» EXERCISE DESCRIPTION
Everything from the line with "الأردن، عندما فتحت" to the end of the data below, both lines included, should be transcribed exactly; please omit the pictures.

» DATASET CONTENT
=== Begin Enclosure ===
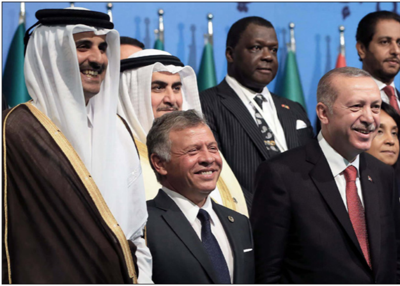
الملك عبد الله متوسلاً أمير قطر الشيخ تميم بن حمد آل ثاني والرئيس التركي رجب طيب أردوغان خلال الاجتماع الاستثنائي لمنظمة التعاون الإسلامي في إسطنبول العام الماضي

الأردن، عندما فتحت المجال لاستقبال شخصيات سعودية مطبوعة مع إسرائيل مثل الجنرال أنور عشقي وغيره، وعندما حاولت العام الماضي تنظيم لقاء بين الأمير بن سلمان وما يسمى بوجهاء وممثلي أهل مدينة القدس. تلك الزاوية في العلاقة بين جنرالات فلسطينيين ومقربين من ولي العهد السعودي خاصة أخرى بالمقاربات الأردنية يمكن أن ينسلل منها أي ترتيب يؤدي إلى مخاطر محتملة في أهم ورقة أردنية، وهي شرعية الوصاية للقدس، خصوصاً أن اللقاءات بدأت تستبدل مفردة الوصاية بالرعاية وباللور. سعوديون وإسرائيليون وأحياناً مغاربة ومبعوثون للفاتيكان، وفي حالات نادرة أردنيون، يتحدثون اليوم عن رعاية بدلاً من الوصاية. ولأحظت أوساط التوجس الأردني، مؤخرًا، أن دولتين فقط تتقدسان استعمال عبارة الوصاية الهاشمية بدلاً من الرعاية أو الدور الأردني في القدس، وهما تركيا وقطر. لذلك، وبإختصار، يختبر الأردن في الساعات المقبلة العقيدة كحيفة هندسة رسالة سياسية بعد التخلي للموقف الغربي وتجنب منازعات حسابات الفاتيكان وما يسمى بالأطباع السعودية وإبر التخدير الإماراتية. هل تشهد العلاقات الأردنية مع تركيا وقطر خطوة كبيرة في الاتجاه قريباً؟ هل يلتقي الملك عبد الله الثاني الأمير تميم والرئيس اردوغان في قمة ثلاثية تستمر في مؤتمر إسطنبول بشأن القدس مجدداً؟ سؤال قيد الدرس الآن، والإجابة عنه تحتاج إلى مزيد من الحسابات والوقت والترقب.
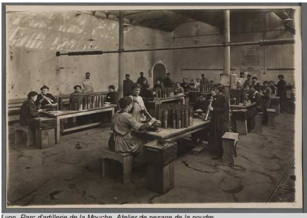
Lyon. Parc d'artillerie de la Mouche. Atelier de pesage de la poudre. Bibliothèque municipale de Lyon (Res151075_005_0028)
=== End Enclosure ===
» ANSWER AREA
الأردن، عندما فتحت المجال لاستقبال شخصيات سعودية مطبوعة مع إسرائيل مثل الجنرال أنور عشقي وغيره، وعندما حاولت العام الماضي تنظيم لقاء بين الأمير بن سلمان وما يسمى بوجهاء وممثلي أهل مدينة القدس. تلك الزاوية في العلاقة بين جنرالات فلسطينيين ومقربين من ولي العهد السعودي خاصة أخرى بالمقاربات الأردنية يمكن أن ينسلل منها أي ترتيب يؤدي إلى مخاطر محتملة في أهم ورقة أردنية، وهي شرعية الوصاية للقدس، خصوصاً أن اللقاءات بدأت تستبدل مفردة الوصاية بالرعاية وباللور. سعوديون وإسرائيليون وأحياناً مغاربة ومبعوثون للفاتيكان، وفي حالات نادرة أردنيون، يتحدثون اليوم عن رعاية بدلاً من الوصاية. ولأحظت أوساط التوجس الأردني، مؤخرًا، أن دولتين فقط تتقدسان استعمال عبارة الوصاية الهاشمية بدلاً من الرعاية أو الدور الأردني في القدس، وهما تركيا وقطر. لذلك، وبإختصار، يختبر الأردن في الساعات المقبلة العقيدة كحيفة هندسة رسالة سياسية بعد التخلي للموقف الغربي وتجنب منازعات حسابات الفاتيكان وما يسمى بالأطباع السعودية وإبر التخدير الإماراتية. هل تشهد العلاقات الأردنية مع تركيا وقطر خطوة كبيرة في الاتجاه قريباً؟ هل يلتقي الملك عبد الله الثاني الأمير تميم والرئيس اردوغان في قمة ثلاثية تستمر في مؤتمر إسطنبول بشأن القدس مجدداً؟ سؤال قيد الدرس الآن، والإجابة عنه تحتاج إلى مزيد من الحسابات والوقت والترقب.
Lyon. Parc d'artillerie de la Mouche. Atelier de pesage de la poudre. Bibliothèque municipale de Lyon (Res151075_005_0028)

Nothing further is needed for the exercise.